§ Instructions to follow
Beginning with the line that holds "Forentina Bayan Rose" in the data below, give again every line through the one that holds "Guidance for laboratories", exactly as written.

:: Extracted material

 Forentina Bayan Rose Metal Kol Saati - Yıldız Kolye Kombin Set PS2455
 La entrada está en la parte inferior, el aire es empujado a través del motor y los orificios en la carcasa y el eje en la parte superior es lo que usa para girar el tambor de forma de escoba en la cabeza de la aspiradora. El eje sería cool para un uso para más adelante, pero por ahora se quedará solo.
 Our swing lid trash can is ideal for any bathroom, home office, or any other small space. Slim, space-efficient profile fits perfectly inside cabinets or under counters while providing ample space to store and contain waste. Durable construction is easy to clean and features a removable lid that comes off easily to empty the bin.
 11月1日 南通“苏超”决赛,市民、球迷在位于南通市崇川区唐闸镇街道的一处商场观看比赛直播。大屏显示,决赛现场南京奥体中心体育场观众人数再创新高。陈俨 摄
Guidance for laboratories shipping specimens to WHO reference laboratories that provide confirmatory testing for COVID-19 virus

::::
:: Extracted material

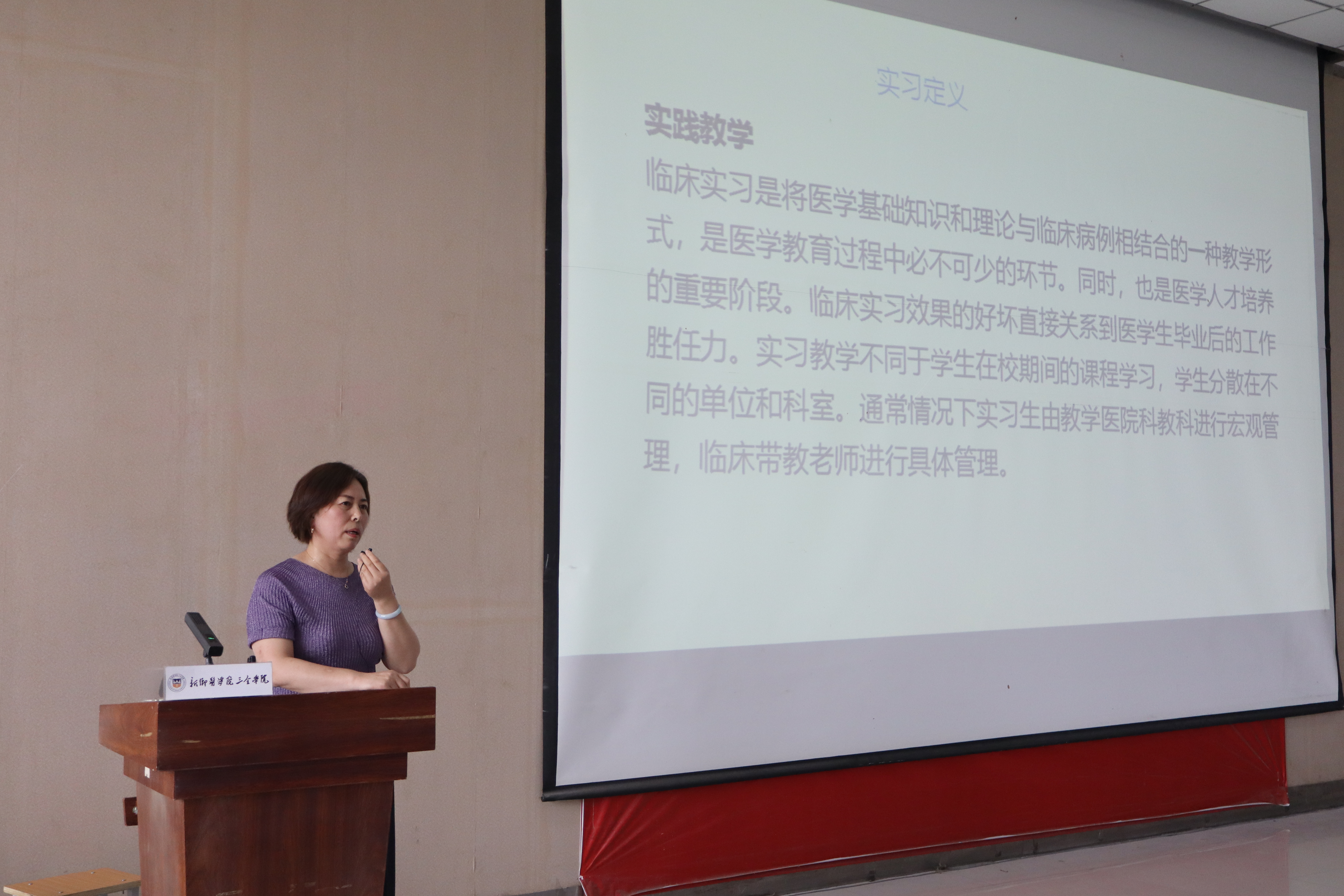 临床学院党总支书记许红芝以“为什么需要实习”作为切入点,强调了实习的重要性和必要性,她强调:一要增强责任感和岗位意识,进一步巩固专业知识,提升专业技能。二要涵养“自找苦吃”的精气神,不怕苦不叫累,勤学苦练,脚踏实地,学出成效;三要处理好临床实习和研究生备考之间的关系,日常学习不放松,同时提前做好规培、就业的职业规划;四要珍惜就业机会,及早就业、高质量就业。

::::
:: Extracted material

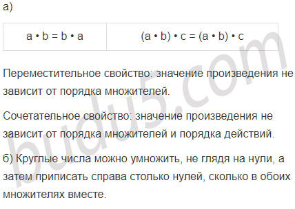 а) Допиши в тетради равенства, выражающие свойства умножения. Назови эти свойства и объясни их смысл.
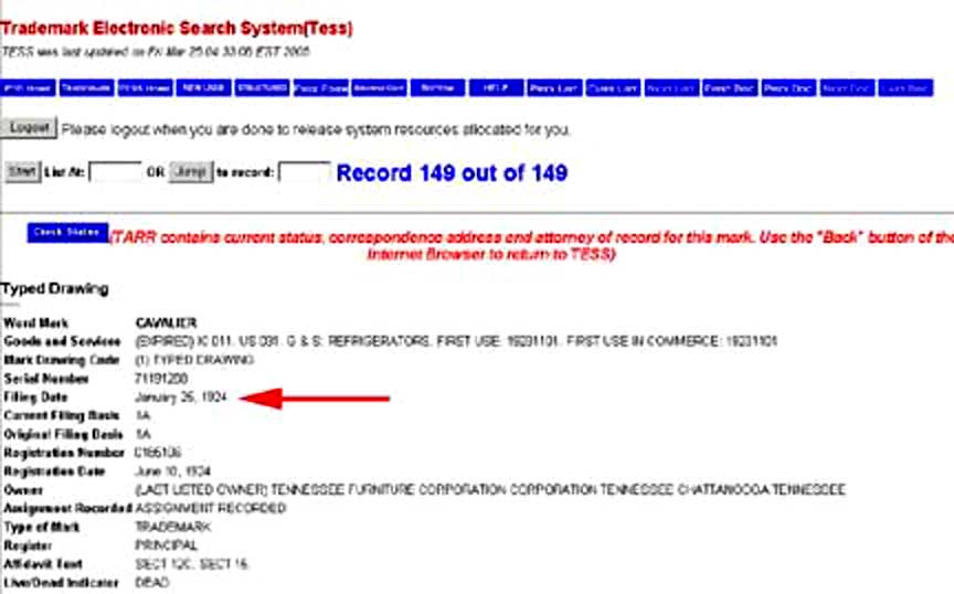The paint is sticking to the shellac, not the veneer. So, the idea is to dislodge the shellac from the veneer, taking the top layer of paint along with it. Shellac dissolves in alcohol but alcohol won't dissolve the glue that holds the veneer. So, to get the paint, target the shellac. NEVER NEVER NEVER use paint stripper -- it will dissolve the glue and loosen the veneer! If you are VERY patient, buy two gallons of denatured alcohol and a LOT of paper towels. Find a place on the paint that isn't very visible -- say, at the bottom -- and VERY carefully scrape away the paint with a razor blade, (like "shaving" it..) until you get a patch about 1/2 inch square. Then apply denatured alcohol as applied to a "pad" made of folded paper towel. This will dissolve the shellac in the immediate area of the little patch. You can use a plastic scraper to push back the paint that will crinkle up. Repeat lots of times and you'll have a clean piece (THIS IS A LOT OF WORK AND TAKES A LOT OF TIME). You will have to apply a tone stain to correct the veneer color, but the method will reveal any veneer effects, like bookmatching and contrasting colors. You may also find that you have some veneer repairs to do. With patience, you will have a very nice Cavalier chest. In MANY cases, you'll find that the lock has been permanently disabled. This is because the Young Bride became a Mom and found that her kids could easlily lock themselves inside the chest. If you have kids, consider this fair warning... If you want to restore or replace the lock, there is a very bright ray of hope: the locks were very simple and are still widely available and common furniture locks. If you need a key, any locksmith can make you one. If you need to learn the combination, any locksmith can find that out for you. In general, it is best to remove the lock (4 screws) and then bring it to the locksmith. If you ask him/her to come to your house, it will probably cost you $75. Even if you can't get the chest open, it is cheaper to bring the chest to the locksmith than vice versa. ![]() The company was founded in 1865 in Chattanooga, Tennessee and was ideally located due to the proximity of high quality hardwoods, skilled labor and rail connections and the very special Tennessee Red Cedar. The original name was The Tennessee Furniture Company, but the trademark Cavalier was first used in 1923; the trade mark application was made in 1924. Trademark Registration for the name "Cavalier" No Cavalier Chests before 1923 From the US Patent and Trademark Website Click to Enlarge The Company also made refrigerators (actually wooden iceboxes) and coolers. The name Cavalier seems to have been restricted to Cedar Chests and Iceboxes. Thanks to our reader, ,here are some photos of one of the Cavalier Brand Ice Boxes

::::

§ Task result
 Forentina Bayan Rose Metal Kol Saati - Yıldız Kolye Kombin Set PS2455
 La entrada está en la parte inferior, el aire es empujado a través del motor y los orificios en la carcasa y el eje en la parte superior es lo que usa para girar el tambor de forma de escoba en la cabeza de la aspiradora. El eje sería cool para un uso para más adelante, pero por ahora se quedará solo.
 Our swing lid trash can is ideal for any bathroom, home office, or any other small space. Slim, space-efficient profile fits perfectly inside cabinets or under counters while providing ample space to store and contain waste. Durable construction is easy to clean and features a removable lid that comes off easily to empty the bin.
 11月1日 南通“苏超”决赛,市民、球迷在位于南通市崇川区唐闸镇街道的一处商场观看比赛直播。大屏显示,决赛现场南京奥体中心体育场观众人数再创新高。陈俨 摄
Guidance for laboratories shipping specimens to WHO reference laboratories that provide confirmatory testing for COVID-19 virus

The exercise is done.